Maggie is almost a year old and after she's done her business during a walk she sometimes goes crazy running, jumping and playing tug with the leash. This morning she played soccer with a chunk of snow.  She will settle when I ask her to though.


----------



## 2ndhandgal (Aug 29, 2011)

I would concentrate on lead walking with a normal lead too. I really don't like extending leads especially for pups, far too many things which can go wrong so if you can't trust off lead I would just just a regular long line not a flexi.

With jumping and biting at you she has probably discovered it gets a good reaction from you so you need to make sure you don't react when she does it.
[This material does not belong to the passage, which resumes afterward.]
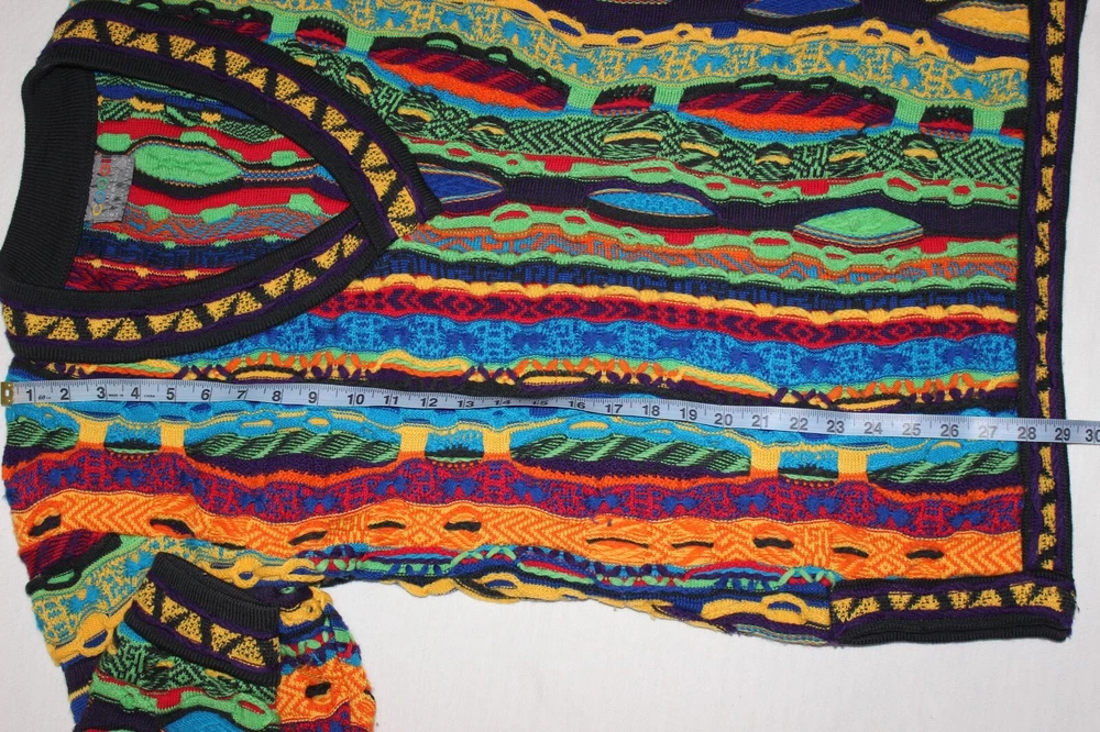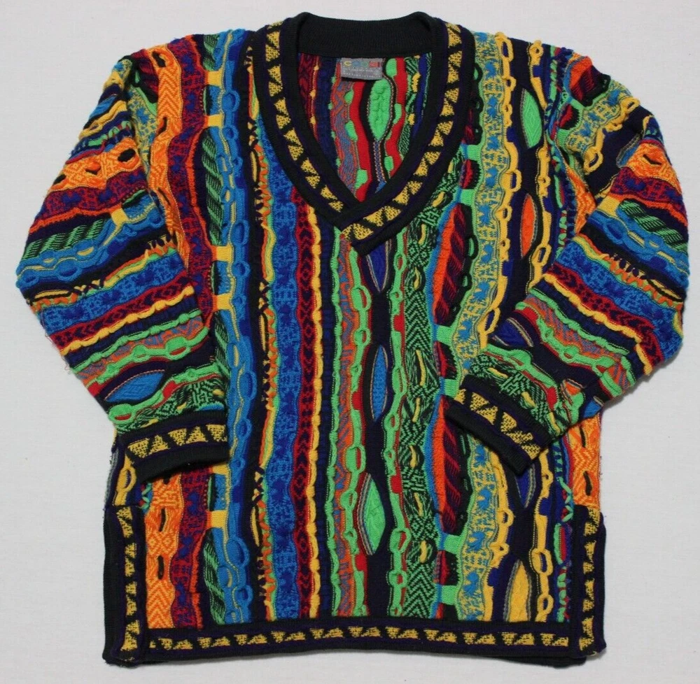 Vintage Coogi 3D Knit Wool V-Neck Sweater Size S Oversized Fit (Fits M to L) Measurements in pictures In Excellent Condition

Not a problem - just a puppy being a puppy and learning how to manipulate you into playing


----------



## Marzi (Sep 17, 2012)

I agree, use a regular lead and ditch the flexilead.
How old is your pup?
Dot loves to hold something in her mouth... as a tiny pup she used to hold a fold of her own lead or a mouthful of one of the other dogs'  these days if we are just walking she is better, but if we walk towards the park she bounces like a yo yo  she doesn't bite, or pull, just vertical bounces, she just cannot contain her excitement.
2ndhandgal which thread did you give that fab advice about training good walking?


----------



## DB1 (Jan 20, 2012)

Yes and don't forget Puppies are like kids, any attention is better than none as far as they are concerned, so even if you scold him for doing it he is getting attention. But it is normal puppy behaviour.


----------



## Robbosara (Nov 4, 2014)

Hi thank you all for the advice I will let you know how it goes.


----------



## Lexi&Beemer (May 5, 2013)

It made a world of difference when I shortened the lead to about 4 feet. I'm short so that was enough for the leash to be loose but learning to walk with me versus my arms being pulled out of my sockets. I know some are very adept at long leads. My two can't handle it. It's just enough freedom that they want to break free. Also the retractable ones I think leave tension in such a way that my two pull even worse. For the running and sniffing and stopping, I take them to off leash parks or areas.


----------